Originally Posted by
storewanderer
But 1000 1ml Containers do not equal the amount of shampoo in 1 1L container. Shampoo containers are not 1 mL.
Anyway the typical shampoo container is 30 ml.
So your comparison of 1,000 small bottles to a single 1 L bottle is is not really relevant. I am comparing amount of product for amount of product. x small bottles = 1 1 L container. It would be more like 33 small bottles to a single 1 L bottle (compare amount of product to amount of product). Because again those 1 L bottles are not being refilled; they are being replaced when empty (at least, at some of the chains).
So the surface area of the small containers would really be 200 sq cm. So actually the small containers use less surface area than the 1 L bottle which as you note above is 300 sq cm. And as you note above the 1 L bottle is thicker.
This also does not take into account people may be more likely to use more product out of a large dispenser vs. use it more conservatively from the little single use containers (especially users who do not get daily maid service). And if more product is used that means more plastic waste is generated.

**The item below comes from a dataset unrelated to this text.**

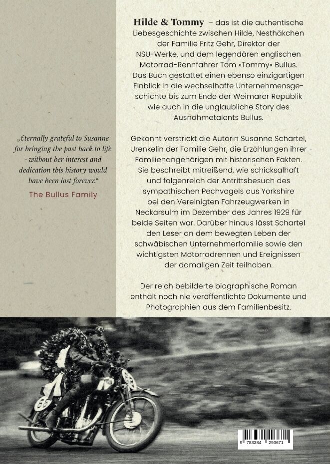 Hilde & Tommy - das ist die authentische Liebesgeschichte zwischen Hilde, Nesthäkchen der Familie Fritz Gehr, Direktor der NSU-Werke, und dem legendären englischen Motorrad-Rennfahrer Tom Tommy" Bullus. Das Buch gestattet einen ebenso einzigartigen Einblic...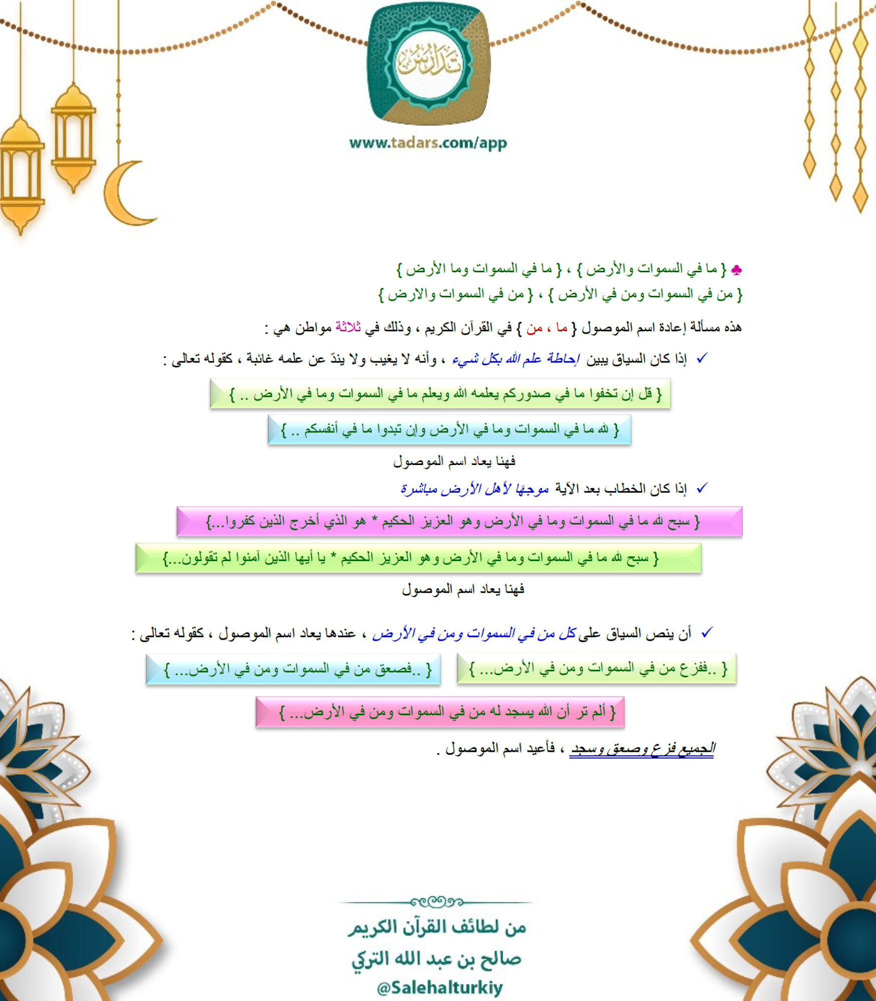 - أن ينص السياق على كل من في السموات ومن في الأرض ، عندها يعاد اسم الموصول ، كقوله تعالى :

How much more plastic waste is getting generated by big body wash bottles replacing the old soap bars? A ton. Again negates any benefit here, for the environment.
Also not sure about easier to recycle. In theory they should be. But I am not so sure in practice. By the time these reusable bottles are used and abused they are going to be in such poor condition with gunk on the sides/edges/bottom/back dried on that they will probably end up straight in the trash since these things need to be free of product/gunk in order to be recycled. Actually could see those dirty bottles causing significant damage and contamination to recycling facility plastics or equipment causing even larger batches of plastic not to be able to be recycled, if these are mixed in there. So again that also hurts the environment more.
As another poster above mentioned if they truly cared about the environment and were truly being "green" they would have gone with compostable single use bottles and it would have been a win-win because you eliminate ALL of the plastic waste plus you keep the product sanitary between guests. But they didn't. Those cost too much. Because this isn't about the environment. This is about cutting costs.
If we do it by cubes again, just because the math is shorter to write.
33 cubes containing 1 liter combined would need to be in cubes that are approximately 3.2cm on each side. 3.2*3.2*3.2=32.768 cubic cm, or mL. 32.768*33=1,081.344mL or 1.081344L
The surface of one of these cubes are 3.2*3.2*6=61.44 square cm, we have 33 of them 61.44*33=2027.52 square cm. Well over 3 times surface area of the 1L cube. 10*10*6=600 square cm.
Before you ask me to weigh the plastic from a big and a small bottle, I did. 0.22g of plastic pr ml in a 150ml bottle with pump function, and 0,26g of plastic pr ml with a 35ml soap from a hotel. I have some 80ml Aroma Therapy bottles from a JW in use right now. Once they are empty, I'll be happy to weigh them and add the plastic weight pr ml of product here for additional statistics. I don't have any other pump bottles being close to empty right now.